Crik didn’t look up from his hand. “Soundin’ like your old man, girl.”
“I should be flying somewhere else.” Liddy plucked her gloves from the pot.
“Been sayin’ that since you were sixteen. Why don’t ya’?” Crik tilted back in his chair and reached for the cigar box. Liddy handed it over, and his fingers rapidly flipped through the pile of bills inside. “Did real good, honey, Orrin even heard the whoops.”
Orrin shook as he placed one end of a pounded brass ear trumpet in his ear and aimed it at Crik as he asked for a second go at the words, “What’s that?”

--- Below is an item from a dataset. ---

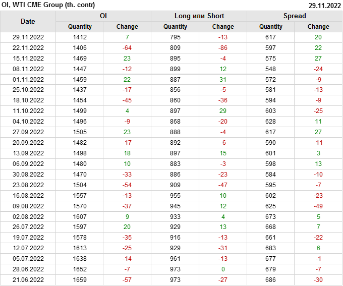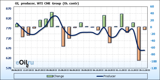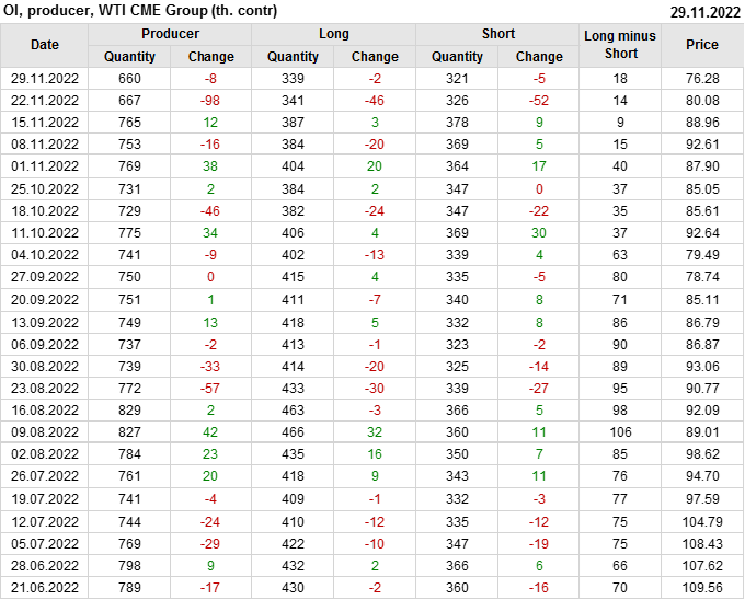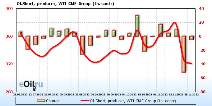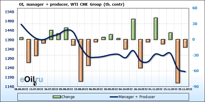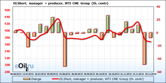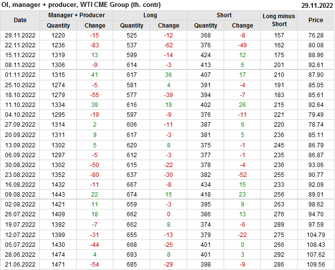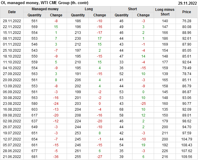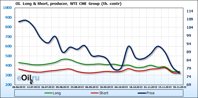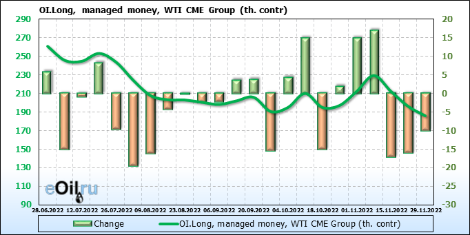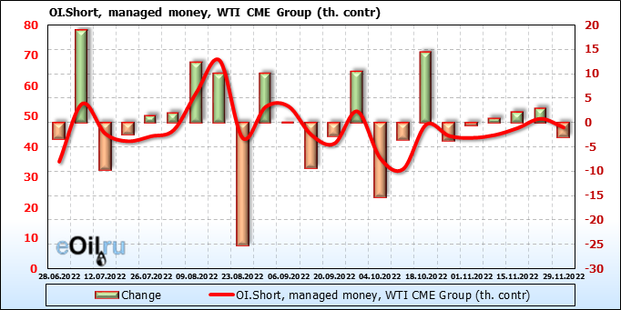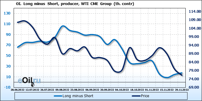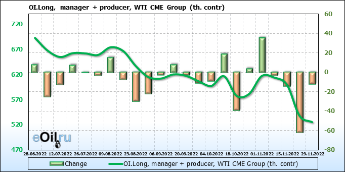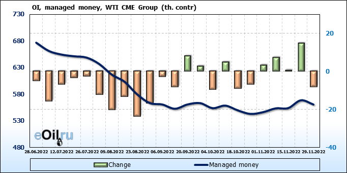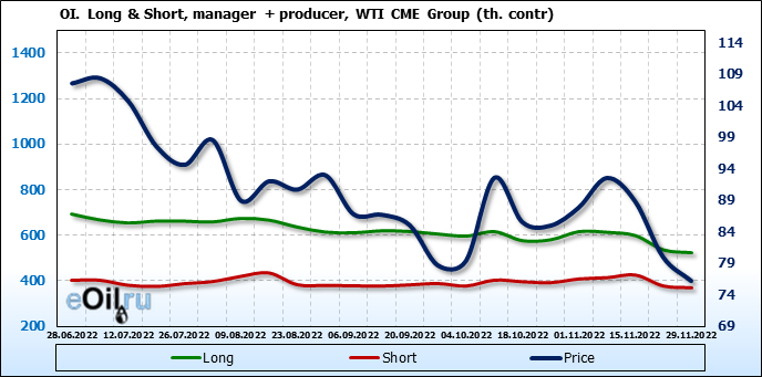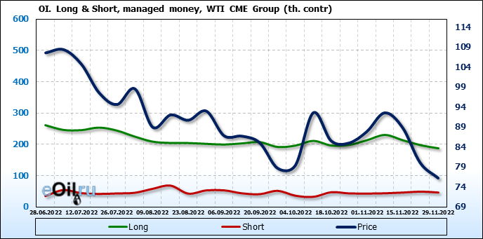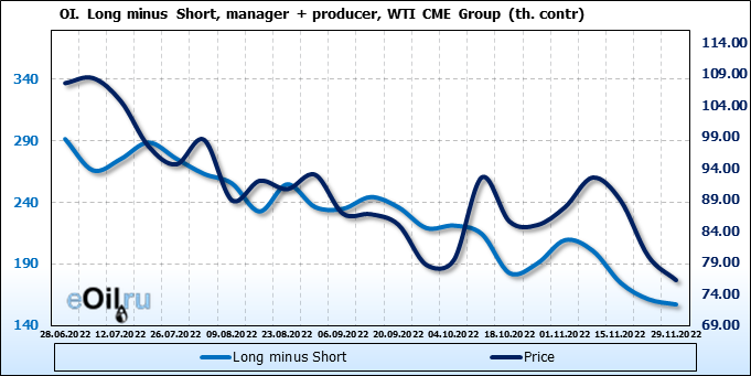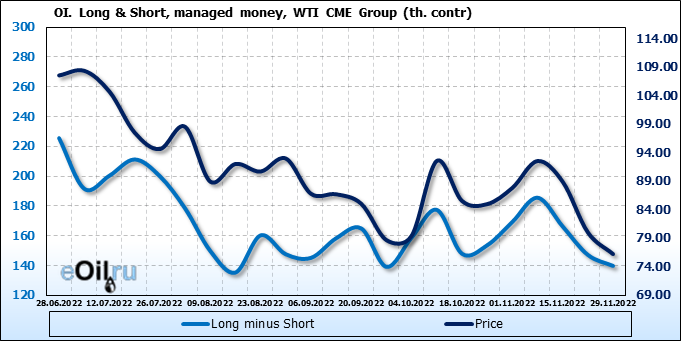 За прошлую неделю, 23.11.22 — 29.11.22, разница между длинными и короткими позициями управляющих сократилась на 7.4 тыс. контрактов. В тоже время, цена упала на 3.8 доллара.

Crik counted and then pinched a stack of cash from the box and held it up the way a deal maker does when trying to entice the seller. Liddy flattened her palm open in front of him, and he laid the bills across it. His sleeves were rolled-up displaying a collection of scars creased in skin that loosely clothed his well used muscles. The scars came mostly from time working on the engines of planes—the deeper ones had come from a plane crash he’d lived to tell about from the first war. A story that was true. He had spent much of the following year in a hospital bed fighting for his life.
It was the telling from Crik’s sister, Liddy’s mother, which assured Liddy of this history of Crik’s. Edda Hall had spent that year in prayer and service to ensure her little brother’s recovery. He was her only living relative and the main focus of her life until she married Jack Hall, Liddy’s father, when she was past thirty. Marriage didn’t release her from the bonds of being older sister to Crik though. After leaving the hospital, Crik went to the Hall home before he was on his feet again. So with three year old Liddy underfoot, Edda was nurse and mommy. Her husband was soldiering overseas at the time, and the presence of a man in the house was a welcome addition.

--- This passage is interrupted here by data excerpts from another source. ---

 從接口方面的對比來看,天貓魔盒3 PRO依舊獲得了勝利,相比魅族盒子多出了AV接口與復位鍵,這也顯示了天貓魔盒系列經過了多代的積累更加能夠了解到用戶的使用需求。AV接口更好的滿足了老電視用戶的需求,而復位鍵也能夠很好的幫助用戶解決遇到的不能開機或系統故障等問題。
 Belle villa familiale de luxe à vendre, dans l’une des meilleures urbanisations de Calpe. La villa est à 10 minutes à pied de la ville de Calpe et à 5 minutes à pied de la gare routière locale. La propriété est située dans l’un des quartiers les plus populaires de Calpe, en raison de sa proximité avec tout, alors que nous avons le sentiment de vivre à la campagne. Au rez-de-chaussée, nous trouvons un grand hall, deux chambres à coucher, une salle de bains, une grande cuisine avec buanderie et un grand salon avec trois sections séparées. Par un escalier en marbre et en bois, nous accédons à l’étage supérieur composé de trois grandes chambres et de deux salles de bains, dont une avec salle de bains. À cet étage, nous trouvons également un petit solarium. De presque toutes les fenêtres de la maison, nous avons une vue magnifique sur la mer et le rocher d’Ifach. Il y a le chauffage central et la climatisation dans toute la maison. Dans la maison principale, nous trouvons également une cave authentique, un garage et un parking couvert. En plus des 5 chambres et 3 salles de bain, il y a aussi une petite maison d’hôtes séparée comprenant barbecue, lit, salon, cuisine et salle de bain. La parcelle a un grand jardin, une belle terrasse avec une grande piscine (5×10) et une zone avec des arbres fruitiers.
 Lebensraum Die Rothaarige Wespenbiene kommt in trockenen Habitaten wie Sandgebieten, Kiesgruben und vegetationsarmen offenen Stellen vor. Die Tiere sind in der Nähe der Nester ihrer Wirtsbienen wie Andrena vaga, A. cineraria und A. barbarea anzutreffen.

When the war ended, Crik bought his first Jenny off the Army for two hundred dollars. He hooked up with some war buddies and started storming. Eventually he found a good place with the Great Gilbert Flying Circus, and took his pay from them. In order to draw the crowds, the air shows started to push the risks. Crashes became more frequent, and the government stepped in and wrote some laws. The new regulations grounded many of the planes the stormers flew and called their more risky stunts illegal. The circuit couldn’t make it after that, and Crik returned home to Holly Grove.

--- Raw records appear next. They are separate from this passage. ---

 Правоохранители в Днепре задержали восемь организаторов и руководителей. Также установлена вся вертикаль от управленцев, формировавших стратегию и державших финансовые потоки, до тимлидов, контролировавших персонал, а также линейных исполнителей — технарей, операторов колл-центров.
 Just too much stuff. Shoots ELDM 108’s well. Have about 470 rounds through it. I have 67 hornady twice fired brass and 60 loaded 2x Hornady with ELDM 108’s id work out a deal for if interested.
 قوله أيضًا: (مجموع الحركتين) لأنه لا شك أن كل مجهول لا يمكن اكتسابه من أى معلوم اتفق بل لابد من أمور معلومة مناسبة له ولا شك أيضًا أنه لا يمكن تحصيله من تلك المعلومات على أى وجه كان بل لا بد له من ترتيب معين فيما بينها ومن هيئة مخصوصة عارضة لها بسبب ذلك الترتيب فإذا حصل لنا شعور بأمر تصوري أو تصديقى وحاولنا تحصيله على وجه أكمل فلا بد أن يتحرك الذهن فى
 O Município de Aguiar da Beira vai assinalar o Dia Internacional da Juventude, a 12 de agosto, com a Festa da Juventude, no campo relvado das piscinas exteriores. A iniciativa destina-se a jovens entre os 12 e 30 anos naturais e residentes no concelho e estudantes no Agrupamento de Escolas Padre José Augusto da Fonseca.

He set up dusting farms and put on a show every few weeks during the warmer months. As long as he only drew a crowd to his own place, no one bothered him. And it was useful to have a pilot in farm country. Things needed to be picked up and delivered, including people that needed emergency medical care that a small town doctor couldn’t offer. Farmers wanted to dust more and more fields as the practice took hold, and Crik also became known as the plane doctor. With the exception of the cut he took from the show that Liddy and Daniel flew at his place in his planes, repairing engines, skins and wings was the way he now got by. It had been over ten years since Crik had flown for a crowd.
“Okay, sit down here and give us a stab at that money there,” Orrin prodded Liddy.
“You’ll never give up, will ya?” Crik hollered to his friend.
“It’s worth askin’,” Orrin said to Crik and then looked up at Liddy. “What’s it gonna take for you to sit a hand with us, girl?”
Liddy leaned toward Orrin’s ear, patted his back and raised her voice, “When there’s no chance of losing, you give me a holler.” She stuffed the money deep into her pocket then moved behind Crik, circled his neck with a hug, kissed the top of his head and polished it in with her hands. “See you later.”